Publico aqui a íntegra da decisão que multa o Google em R$ 1.000.000,00 pela não retirada de um vídeo considerado ofensivo ao candidato Edgar Bueno na cidade de Cascavel.
O assunto é de grande repercussão tanto nas redes sociais como na imprensa. Espero, com a publicação da decisão, contribuir para a especialização do debate.
Os endereços
foram omitidos para evitar a propagação indevida dos vídeos, respeitando assim a decisão judicial.
Sentença em 22/09/2012 -
RP Nº 24304 DR. VALMIR ZAIAS COSECHEN
TRIBUNAL REGIONAL
ELEITORAL DO PARANÁ
184ª. ZONA ELEITORAL DE
CASCAVEL
Autos nº
243-04.2012.6.16.0184
REPRESENTANTE: COLIGAÇÃO
MINHA VIDA É CASCAVEL
REPRESENTADO: GOOGLE
BRASIL INTERNET LTDA,
VISTOS, etc.
Noticia a Representante
propaganda irregular pela internet nos sítios mencionados, feitos
anonimamente e com expressões ofensivas à honra do candidato à
Prefeito EDGAR BUENO: 01 vídeos divulgados no youtube, fls 12, no
seguinte endereços:
- conta com o nome de
FILHO DE UMA PUTA, no seguinte endereço:
xxxxxxxxxxxx
onde se editou um vídeo,
com seguinte endereço:
xxxxxxxxxxxx
cujo texto e áudio,
contém expressões ofensivas como “lugar de corrupto é na
cadeia”, “licitação fraudulenta e direcionada”, “pra
canalhas como Edgar Bueno...”, “Lugar de corrupto bandido e
ladrão é na cadeia.”
Liminar deferida às fls
12, para excluir a conta anônima acima referida, no prazo de 12
horas, sob pena de multa de R$5.000,00 a R$30.000,00, artigo 23 da
Resolução TSE 23.370, bem como para que preste informações sobre
os dados cadastrais do usuário da referida conta, no prazo de 05
dias.
Notificação da Google
em 14.09.2012, fls 14 e 15.
A Google protocolou
petição em 15.09.2012, com várias alegações de mérito e
informando que não deu cumprimento à ordem judicial: “(I) é
impossível a remoção do vídeo, por tratar-se de conteúdo
protegido pelos princípios da liberdade de expressão e livre
manifestação do pensamento, bem como pelo fato de que, não se
trata de propaganda eleitoral negativa, mas simples matéria
informativa; (II) não há possibilidade de efetuar o monitoramento
prévio do conteúdo; (III) é impossível o fornecimento de dados
pessoais do usuário, sendo o IP dado suficiente para identificação
do mesmo; (IV) Impossibilidade de concessão da medida liminar, pela
inexistência de requisitos – irreversibilidade da medida; (V) que
não pode fornecer IP sem ordem judicial, pois estes dados implicam
na identificação do usuário, o que significa que demandam ordem
judicial para fornecimento.”
Às fls 43 foi
determinada a realização de Ata Notarial para comprovação da
existência, permanência e conteúdo dos vídeos.
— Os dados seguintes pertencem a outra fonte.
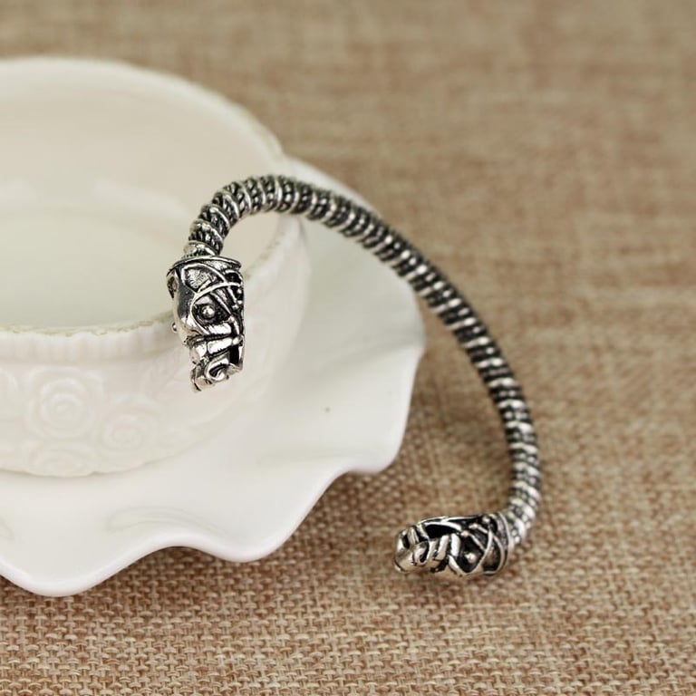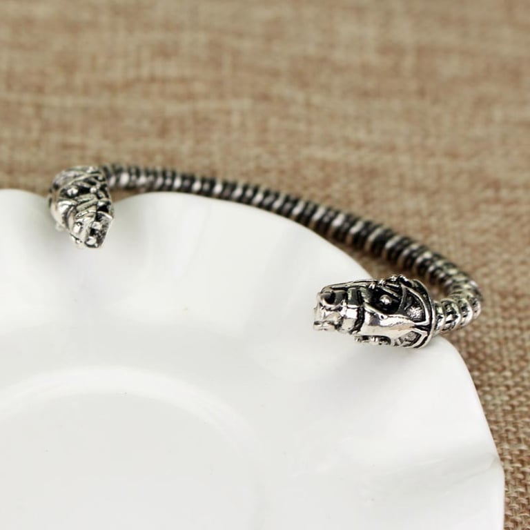 Pulsera vikinga para hombres con el motivo de un lobo de dos cabezas

Realizada e
juntada às fls 84 e 85, em 18.09.2012, do que foi dado vistas às
partes e ao Ministério Público, que reiteraram o contido nos autos.
Em r. Parecer, fls 39 a
41, a Dra Promotora de Justiça, pugna pela procedência,
confirmando-se a liminar concedida, com fixação de multa diária
pelo descumprimento da ordem judicial; pela improcedência quanto ao
pedido para que a Reclamada se abstenha de veicular vídeos que
violem ou ofendam a honra do Representante.
DECIDO
O artigo 21 da Resolução
TSE 23.370 (art. 57-D caput da Lei 9.504/97) permite a livre
manifestação do pensamento por meio da rede mundial de
computadores, vedado o anonimato.
Por outra via o artigo
13, inciso IX da referida Resolução menciona entre as propagandas
vedadas, a que “caluniar, difamar ou injuriar qualquer pessoa...”,
fatos que podem caracterizar crime eleitoral, na forma do artigos
324, 325 e 326 do Código Eleitoral.
Assim sendo, tratando-se
de propaganda irregular, compete ao Juiz Eleitoral determinar sua
exclusão, artigo 40-B e artigo 41, §§ 1º. e 2º., da Lei
9.504/97, artigo 76, § 1º. da Resolução TSE 23.370, daí o
cabimento da medida liminar, a despeito de afirmar o contrário a
Reclamada.
Quanto a alegação da
Google de que não se trata de propaganda eleitoral negativa ou
extemporânea. Não se trata de propaganda extemporânea, realmente.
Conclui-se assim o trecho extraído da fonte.